Input data:
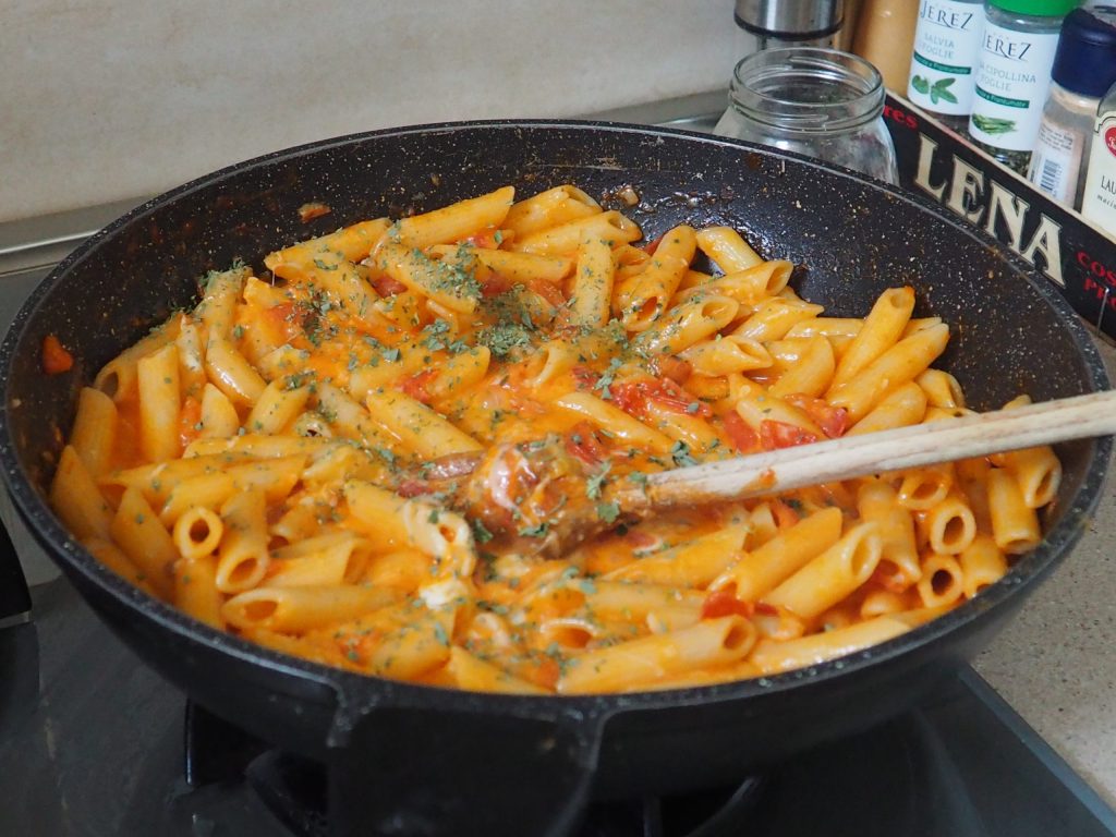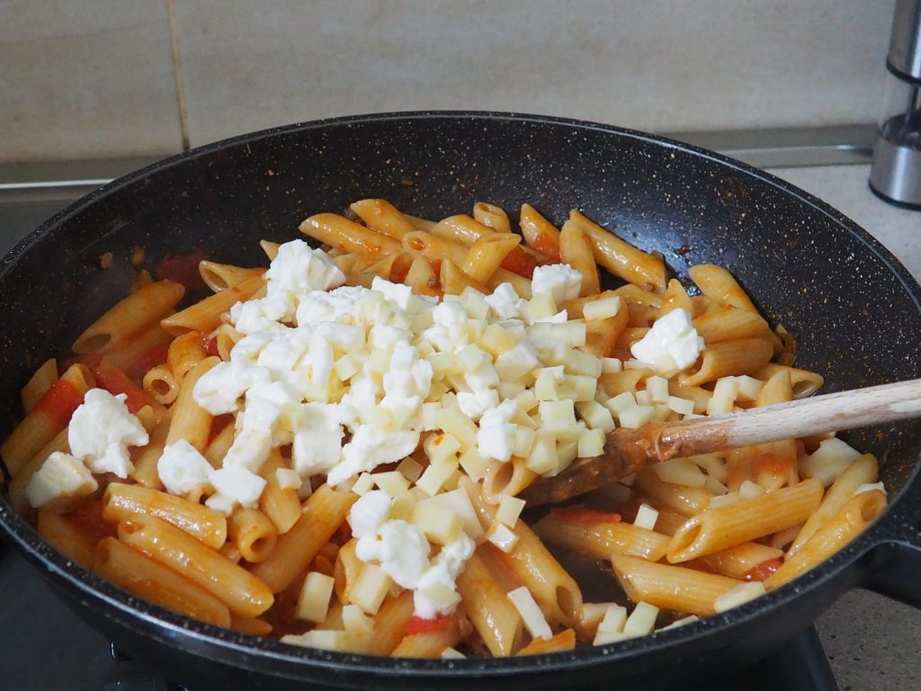 Penne derretendo com tomate e mussarela (sabor pizza)
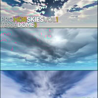 PRO-HDR-SKIES Vol_1 contains 10 high Resolution (8000 x 4000) Cumulus and Cirrus type HDR skies for TerraDome 3 (Daz Studio Iray Edition).
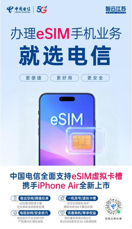 隨著工信部eSIM手機(jī)商用試驗(yàn)批復(fù)落地,中國電信在全國31個省區(qū)市同步啟動eSIM手機(jī)業(yè)務(wù),江蘇電信用戶對“無卡通信”展現(xiàn)出高度期待。自10月22日iPhone Air手機(jī)上線以來,這股通信技術(shù)革新的浪潮進(jìn)一步深度覆蓋江蘇大地,江蘇電信全面支持eSIM手機(jī)業(yè)務(wù),率先開通預(yù)約通道,截至目前,預(yù)約量突破2萬人次,業(yè)務(wù)辦理熱度居高不下。
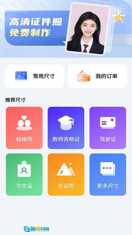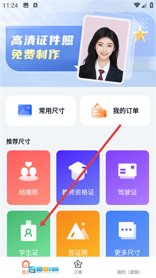 1、打开高清证件照制作的首页,在推荐尺寸里找到【学生证】这个选项并点击,就能进入对应的尺寸选择页面。
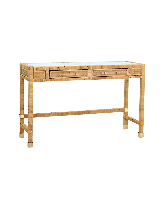 Tov Furniture 1 Piece Rattan Brass-Capped Legs Bench
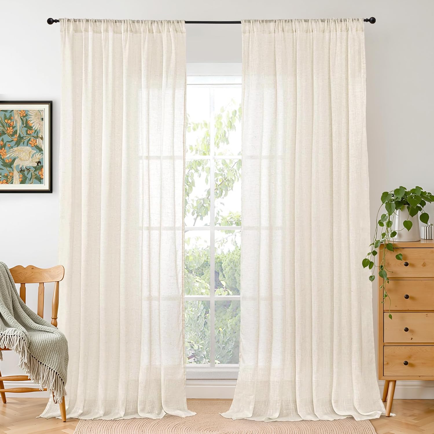 • PACKAGE INCLUDES: Each package includes set of 2 natural linen curtains. Each panel is 84 inches long and 60 inches width (total 84 inches long and 120 inches length), with 3 inches rod pocket on top, fits most standard rods and makes the maximize coverage of your windows

Exercise requirements: None of the pictures belongs in the answer, but all the entries must be repeated exactly.

Solved exercise:
 Penne derretendo com tomate e mussarela (sabor pizza)
 PRO-HDR-SKIES Vol_1 contains 10 high Resolution (8000 x 4000) Cumulus and Cirrus type HDR skies for TerraDome 3 (Daz Studio Iray Edition).
 隨著工信部eSIM手機(jī)商用試驗(yàn)批復(fù)落地,中國電信在全國31個省區(qū)市同步啟動eSIM手機(jī)業(yè)務(wù),江蘇電信用戶對“無卡通信”展現(xiàn)出高度期待。自10月22日iPhone Air手機(jī)上線以來,這股通信技術(shù)革新的浪潮進(jìn)一步深度覆蓋江蘇大地,江蘇電信全面支持eSIM手機(jī)業(yè)務(wù),率先開通預(yù)約通道,截至目前,預(yù)約量突破2萬人次,業(yè)務(wù)辦理熱度居高不下。
 1、打开高清证件照制作的首页,在推荐尺寸里找到【学生证】这个选项并点击,就能进入对应的尺寸选择页面。
 Tov Furniture 1 Piece Rattan Brass-Capped Legs Bench
 • PACKAGE INCLUDES: Each package includes set of 2 natural linen curtains. Each panel is 84 inches long and 60 inches width (total 84 inches long and 120 inches length), with 3 inches rod pocket on top, fits most standard rods and makes the maximize coverage of your windows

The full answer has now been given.